--- Work order ---
Reproduce the following data exactly, minus any images.

--- Data shown ---
============================================================

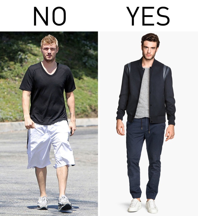 | 8. Trang phục rộng “thùng thình”. Đồ over size rất cá tính với phái đẹp, nhưng lại có khả năng “dìm hàng” phái mạnh. Chọn các thiết kế vừa vặn, phối chúng theo cùng một bảng màu sẽ giúp bạn phong độ và quyến rũ hơn. |
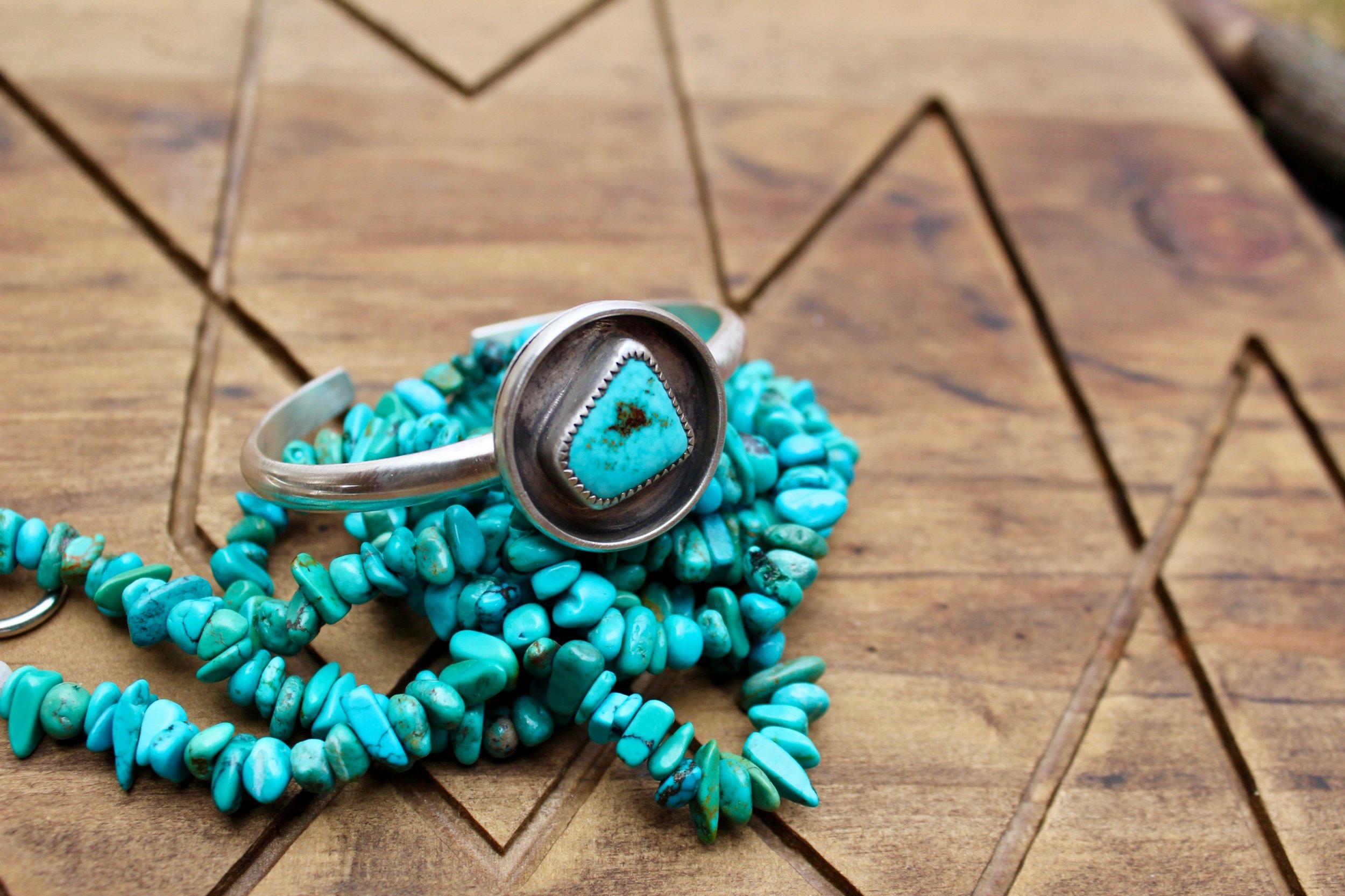Bracelets & Cuffs › Cuff Image 1 of 5 Image 2 of 5 Image 3 of 5 Image 4 of 5 Image 5 of 5 Cuff $145.00 Handmade Cuff.925 Sterling Silver Kingman Stone with Pyrite Hand-Hammered Patina Finish Add To Cart Added! Handmade Cuff.925 Sterling Silver Kingman Stone with Pyrite Hand-Hammered Patina Finish Reviews Reviewer Name Review Date Star Rating Description Posted on Etsy Product Show More
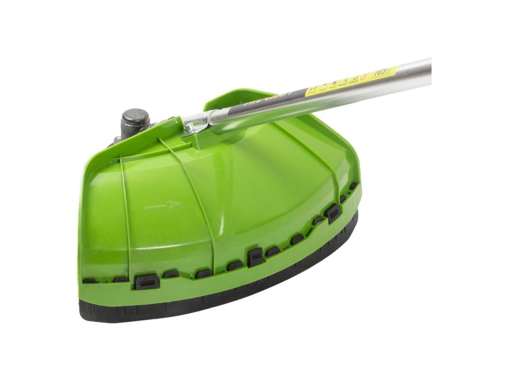 Krovinorez je optimalizovaný pre 2,4 mm strunu, ktorá poskytuje ideálnu rovnováhu medzi rezným výkonom a výdržou batérie.

============================================================

--- Solved exercise ---
 | 8. Trang phục rộng “thùng thình”. Đồ over size rất cá tính với phái đẹp, nhưng lại có khả năng “dìm hàng” phái mạnh. Chọn các thiết kế vừa vặn, phối chúng theo cùng một bảng màu sẽ giúp bạn phong độ và quyến rũ hơn. |
Bracelets & Cuffs › Cuff Image 1 of 5 Image 2 of 5 Image 3 of 5 Image 4 of 5 Image 5 of 5 Cuff $145.00 Handmade Cuff.925 Sterling Silver Kingman Stone with Pyrite Hand-Hammered Patina Finish Add To Cart Added! Handmade Cuff.925 Sterling Silver Kingman Stone with Pyrite Hand-Hammered Patina Finish Reviews Reviewer Name Review Date Star Rating Description Posted on Etsy Product Show More
 Krovinorez je optimalizovaný pre 2,4 mm strunu, ktorá poskytuje ideálnu rovnováhu medzi rezným výkonom a výdržou batérie.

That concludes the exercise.